> _Task to complete_
Begin at the line containing "1、打开软件后,可以看到软件提供了渐变壁纸以及纯色壁纸两个类型。" in the entries below and end at the line containing "Sol De Janeiro Bom"; transcribe that range exactly and nothing outside it.

> _The input_
■ ■ ■ ■
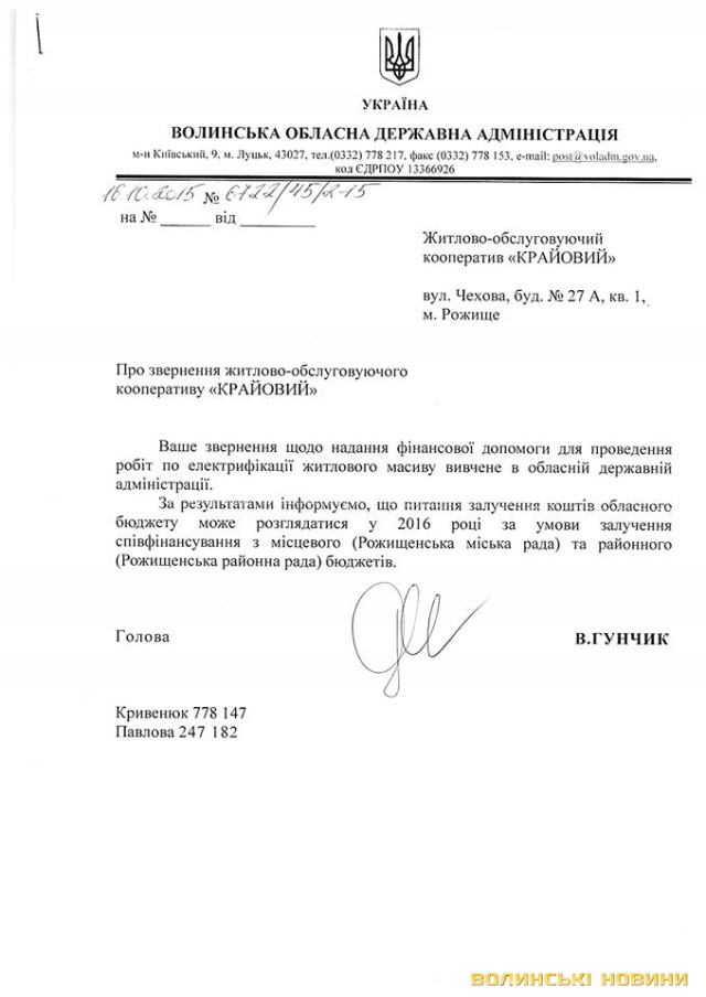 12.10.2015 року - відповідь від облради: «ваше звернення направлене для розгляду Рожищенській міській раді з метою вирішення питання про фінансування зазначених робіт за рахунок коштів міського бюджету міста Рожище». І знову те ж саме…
■ ■ ■ ■
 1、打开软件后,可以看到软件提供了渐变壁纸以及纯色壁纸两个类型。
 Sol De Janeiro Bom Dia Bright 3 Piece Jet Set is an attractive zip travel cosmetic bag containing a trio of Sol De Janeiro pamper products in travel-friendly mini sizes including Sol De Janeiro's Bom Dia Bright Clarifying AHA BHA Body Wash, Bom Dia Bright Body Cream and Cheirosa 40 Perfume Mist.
■ ■ ■ ■
> _Reply to the exercise_
 1、打开软件后,可以看到软件提供了渐变壁纸以及纯色壁纸两个类型。
 Sol De Janeiro Bom Dia Bright 3 Piece Jet Set is an attractive zip travel cosmetic bag containing a trio of Sol De Janeiro pamper products in travel-friendly mini sizes including Sol De Janeiro's Bom Dia Bright Clarifying AHA BHA Body Wash, Bom Dia Bright Body Cream and Cheirosa 40 Perfume Mist.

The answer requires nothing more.